— EXERCISE DIRECTIONS —
Repeat every record exactly, but keep images out of the copy.

— INPUT DATA —
-.-.-

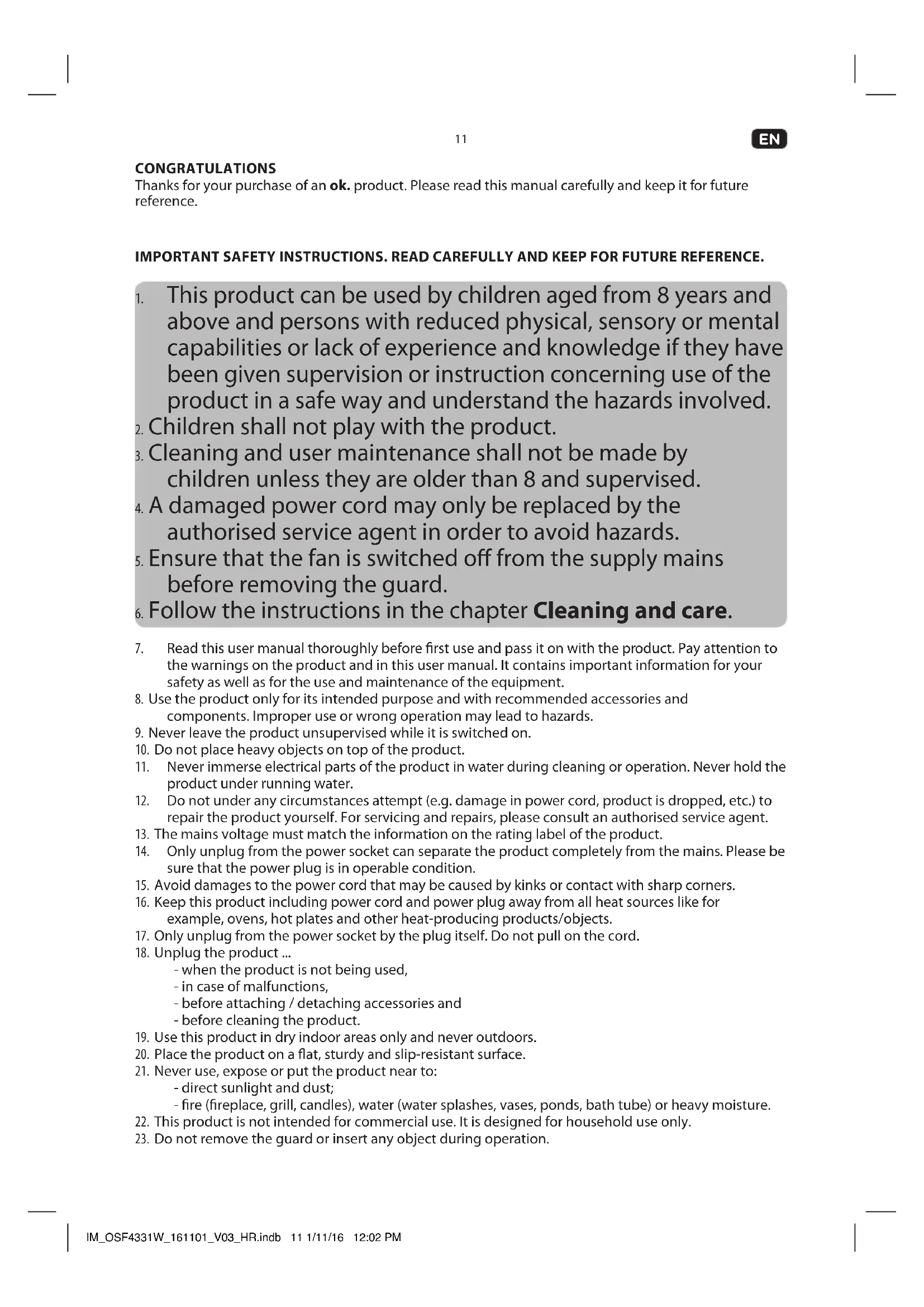 Download the instructions for your Fan in PDF format for free! Find your manual OSF 4331 W - OK and take your electronic device back in hand. On this page are published all the documents necessary for the use of your device. OSF 4331 W by OK.
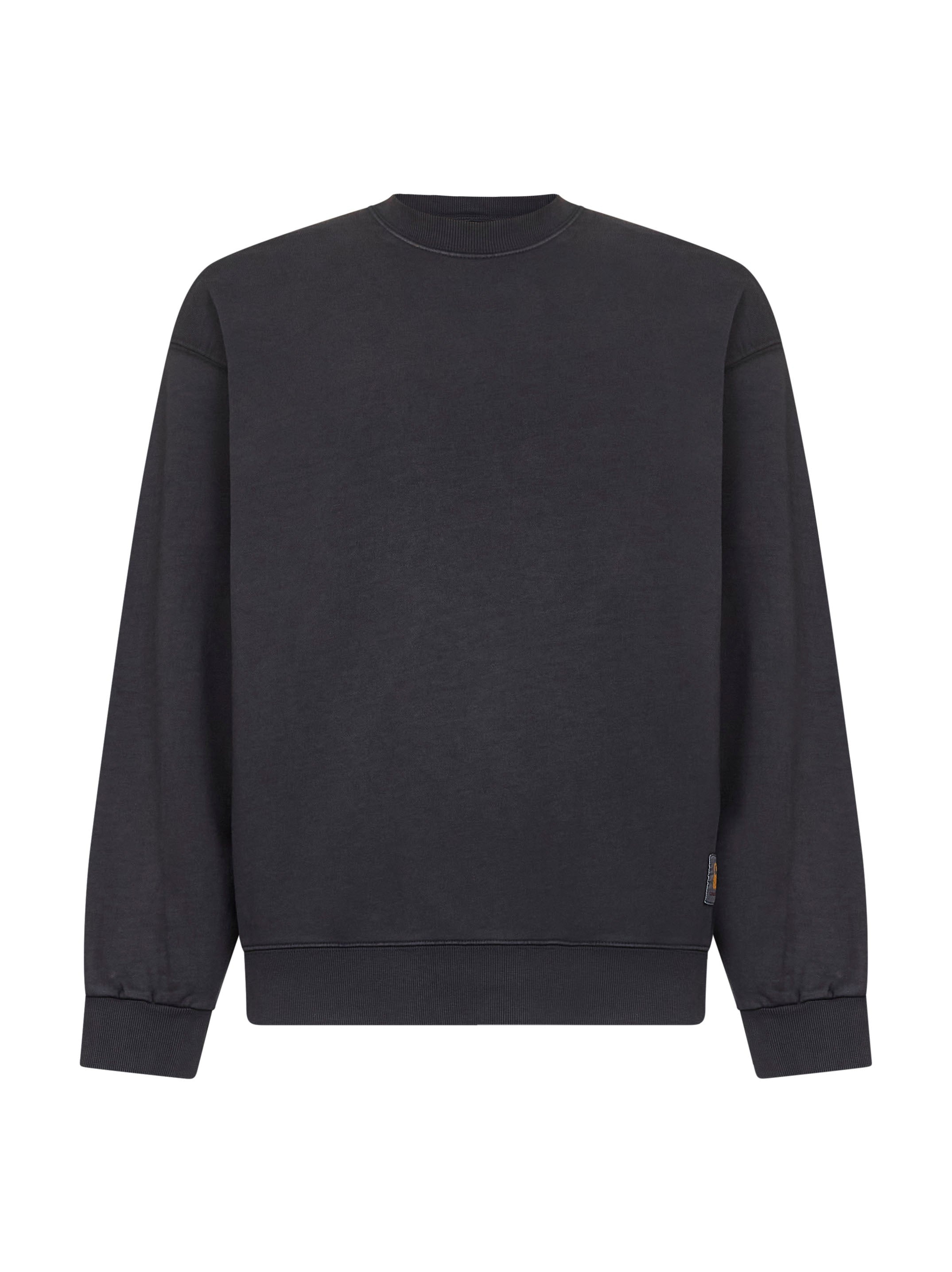 - Ribbed crewneck - Long sleeves, dropped shoulders - Square fabric label at bottom front - Ribbed cuffs and bottom band - Heavyweight unbrushed cotton jersey design with "chalk wash" treatment for a sun-faded effect - Loose fit - Black color - 100% cotton - Made in extra eu Natural (Veg): Cotton100 % Made in: Bangladesh Season: A25 I035186-895F
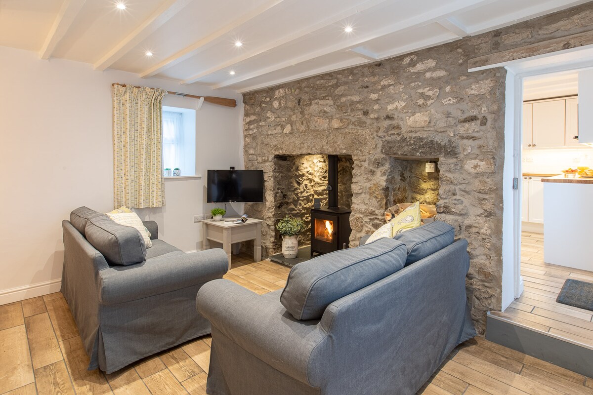 Magandang hiwalay na cottage na bato sa tahimik na lokasyon na may paradahan sa labas ng kalsada at 5 -10 minutong lakad lang papunta sa nakamamanghang Trearddur Bay beach. Mayroon kaming kamangha - manghang Wi - Fi na may smart TV, komportableng log burner at buong central heating, na ginagawang perpekto rin ang cottage sa mga malamig na buwan. Isang buong banyo na may paliguan at over head shower, malaking TV sa kuwarto at isang nakapaloob na pribadong lugar sa likod ng cottage para umupo at mag - enjoy ngunit ligtas din kung gusto mong isama ang iyong apat na binti na kaibigan.
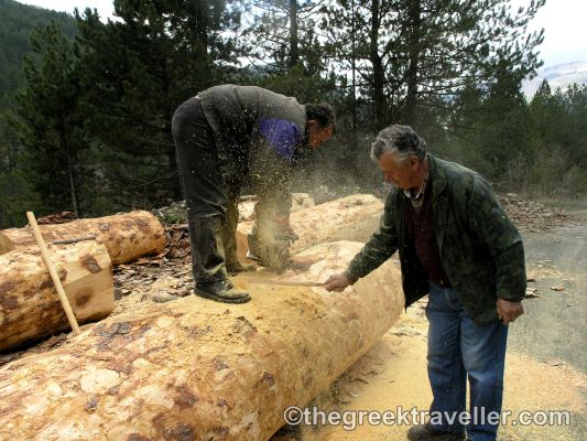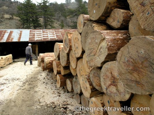 ξινή μυρωδιά ρετσινιού τον τόπο. Τα ξύλα κόβονται εδώ σε σανίδες και φεύγουν για
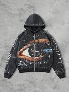 Street Life Sudadera con capucha con cremallera, cordón y forro térmico con estampado de letras y ojos para hombre, otoño/invierno

-.-.-

— SOLUTION FOR THIS TASK —
 Download the instructions for your Fan in PDF format for free! Find your manual OSF 4331 W - OK and take your electronic device back in hand. On this page are published all the documents necessary for the use of your device. OSF 4331 W by OK.
 - Ribbed crewneck - Long sleeves, dropped shoulders - Square fabric label at bottom front - Ribbed cuffs and bottom band - Heavyweight unbrushed cotton jersey design with "chalk wash" treatment for a sun-faded effect - Loose fit - Black color - 100% cotton - Made in extra eu Natural (Veg): Cotton100 % Made in: Bangladesh Season: A25 I035186-895F
 Magandang hiwalay na cottage na bato sa tahimik na lokasyon na may paradahan sa labas ng kalsada at 5 -10 minutong lakad lang papunta sa nakamamanghang Trearddur Bay beach. Mayroon kaming kamangha - manghang Wi - Fi na may smart TV, komportableng log burner at buong central heating, na ginagawang perpekto rin ang cottage sa mga malamig na buwan. Isang buong banyo na may paliguan at over head shower, malaking TV sa kuwarto at isang nakapaloob na pribadong lugar sa likod ng cottage para umupo at mag - enjoy ngunit ligtas din kung gusto mong isama ang iyong apat na binti na kaibigan.
 ξινή μυρωδιά ρετσινιού τον τόπο. Τα ξύλα κόβονται εδώ σε σανίδες και φεύγουν για
 Street Life Sudadera con capucha con cremallera, cordón y forro térmico con estampado de letras y ojos para hombre, otoño/invierno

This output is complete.